C’est l’esprit qui anime la révision en cours de la loi fédérale sur la protection de l’environnement.27
Cette dernière prévoit en particulier une collaboration plus étroite entre la Confédération, les cantons et les branches économiques pour tenter de maîtriser les problèmes des déchets. Le projet de loi prévoit également de soutenir le développement de technologies favorables à l’environnement, en créant un pont entre la recherche et la commercialisation. Enfin, elle introduit les premières taxes d’incitation, de caractère non fiscal, pour limiter les émissions de soufre et de composés organiques volatils.
Ce bref exposé pour vous montrer les incidences très concrètes des questions liées à la protection de l’environnement tant sur la politique internationale de la Suisse, que sur la législation nationale.
Il est particulièrement important que la politique dynamique de la Suisse dans ce domaine soit harmonisée le plus possible sur le plan européen et international, afin d’éviter des distorsions commerciales défavorables à notre économie, tout en garantissant la préservation indispensable de l’environnement et de la diversité biologique dans le monde entier.
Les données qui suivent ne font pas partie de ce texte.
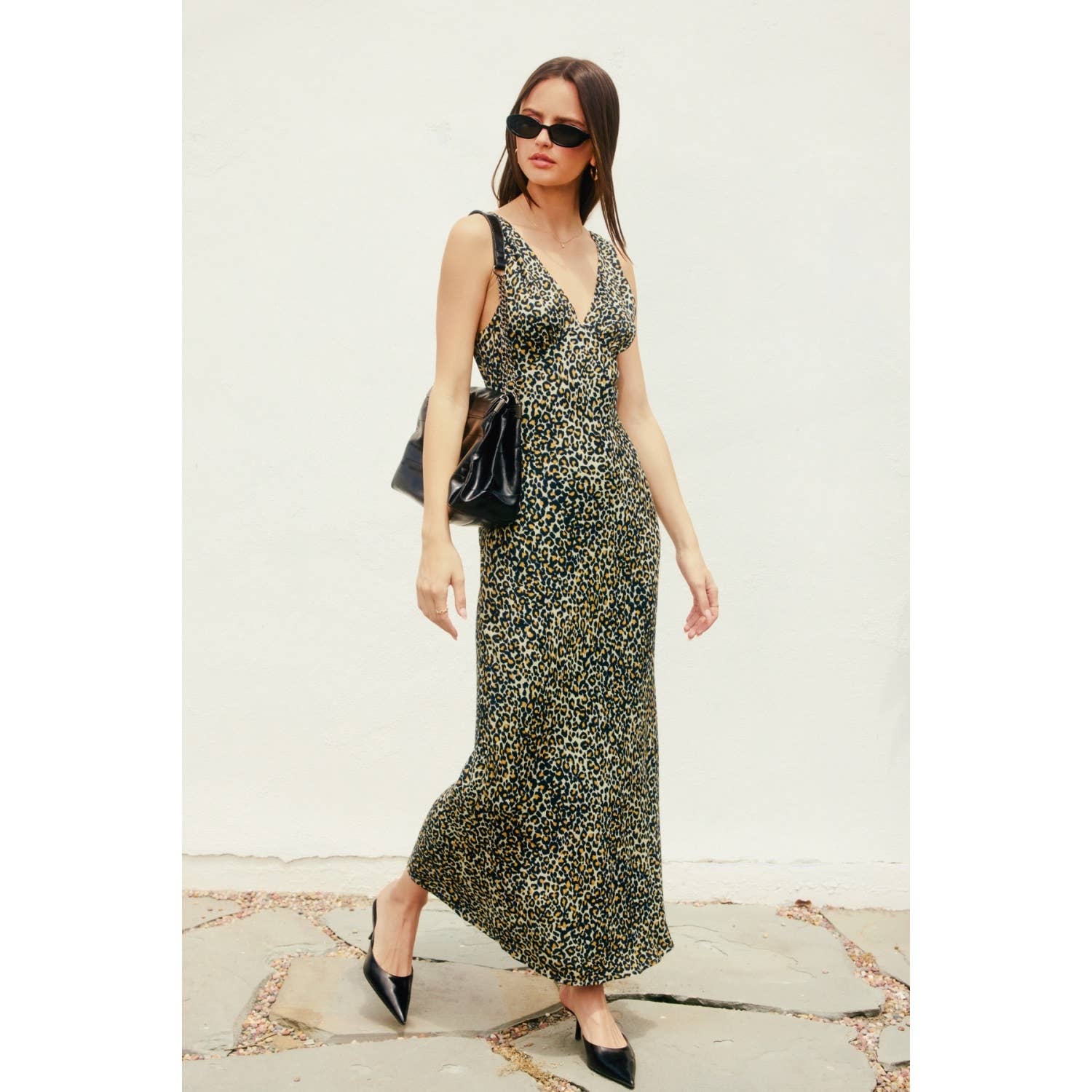 Show off your bold side with this sleeveless maxi dress featuring a wild animal print and a plunging neckline highlighted by a stylish chevron seam beneath the bust. The adjustable tie at the back waist ensures a perfect fit, while the hidden side zipper keeps things sleek. Fully lined for comfort, it’s crafted from a blend of 50% viscose and 50% rayon with a 100% polyester lining.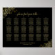 18 Table Wedding Seating Chart Black & Gold Frills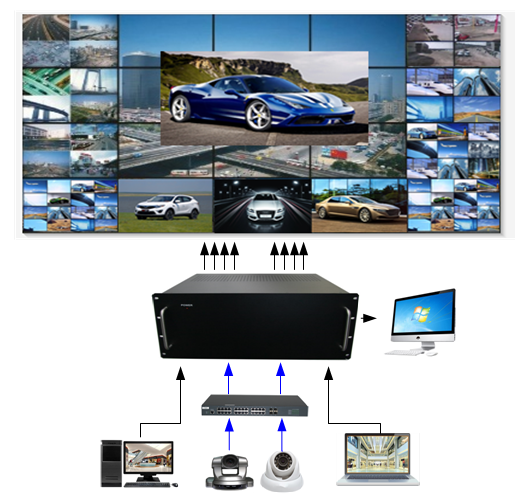 高清數(shù)字解碼矩陣自帶內(nèi)拼接、分割、開(kāi)窗、漫游功能,廣泛應(yīng)用于道路交通、平安智慧城市監(jiān)控、軍隊(duì)、工廠、學(xué)校、銀行、商場(chǎng)、大型公共場(chǎng)所、森林防火、智能樓宇等各類場(chǎng)合的視頻監(jiān)控中心。實(shí)現(xiàn)前端的網(wǎng)絡(luò)視頻信號(hào)的解碼,及對(duì)大屏顯示的控制。

Je me félicite du fait que nous disposions des instruments nécessaires sur le plan interdépartemental pour gérer en commun des dossiers pour lesquels les offices des départements de mes collègues Messieurs Cotti et Ogi notamment et ceux de mon département, assument des compétences techniques différentes, mais où il nous appartient d’assurer ensemble la cohérence de la politique générale définie par le Conseil fédéral.
Je voudrais pour terminer, encore vous remercier pour la contribution concrète et efficace que vous apportez à ce processus; nous aurons encore de nombreuses occasions – la prochaine fois probablement en France en octobre avec mes collègues italien et français,28 au Danemark en décembre prochain (protection de la mer du Nord)29 – de collaborer pour ces activités si essentielles pour notre avenir.